Mesenchymal Stem Cells. Mesenchymal stem cells (MSCs) can be isolated from many kinds of adult tissue and preclinical work suggests that these cells could have immunomodulatory or neurotrophic activities. There have been several small studies that suggest MSCs are safe and well-tolerated, with mixed efficacy in MS patients. There are still several remaining questions for this approach that need to be investigated. For example, what should be the source of MScs (bone marrow, adipose, or other source), issues related to cell culture, route of administration, and dosing schedule.

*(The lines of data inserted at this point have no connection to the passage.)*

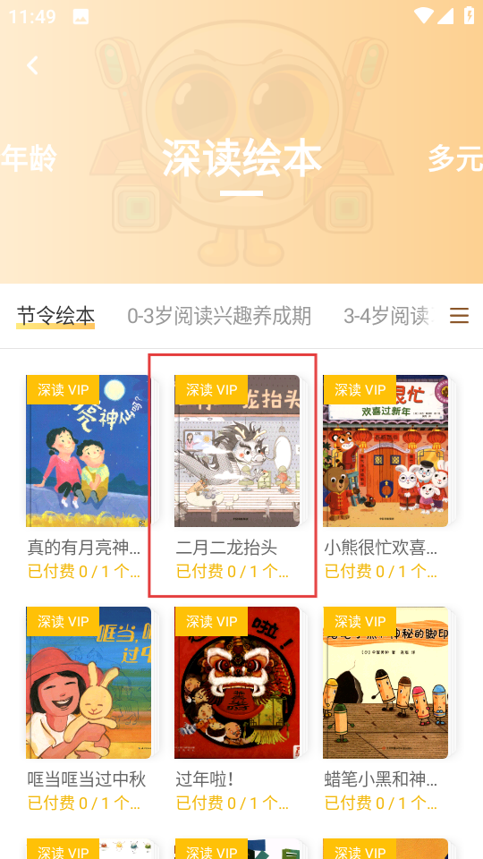 3、在深读绘本列表中,选择二月二龙抬头绘本,进入该绘本详情页。
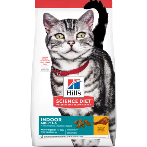 Hill’s® Science Diet® Adult Indoor cat food is formulated to meet the nutritional levels established by the AAFCO Cat Food Nutrient Profiles for maintenance of adult cats.
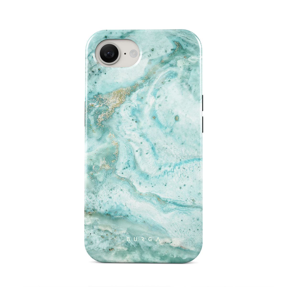 Our Uluwatu Waves iPhone 16e phone case is an absolute teal dream. This phone cover features timeless and soft blue marble pattern enriched with golden color specks will surely remind you of a tropical beach teal waters while becoming a protective best friend for your cell phone.

Oligodendrocyte Precursor Cells. Oligodendrocyte precursor cells (OPCs) are multipotent cells derived from a variety of sources (embryonic, fetal, or adult) explained Dr. Goodman. OPCs can be manipulated through culture conditions to promote proliferation or differentiation into neurons, astrocytes, or oligodendrocytes. There are both practical and ethical issues with OPCs including a limited proliferation capacity, they require direct injection, and require immunosuppression. Dr. Goodman described a proposed OPC trial. This trial will be a first-in-human safety study of OPCs in patients with secondary progressive MS, currently going through FDA and IRB approval.
Dr. Goodman concluded that there are several types of cell-based therapeutic strategies under investigation each carrying different risks, benefits, and goals. Some of the strategies show promise, but there are many methodological and safety questions that need to be worked out.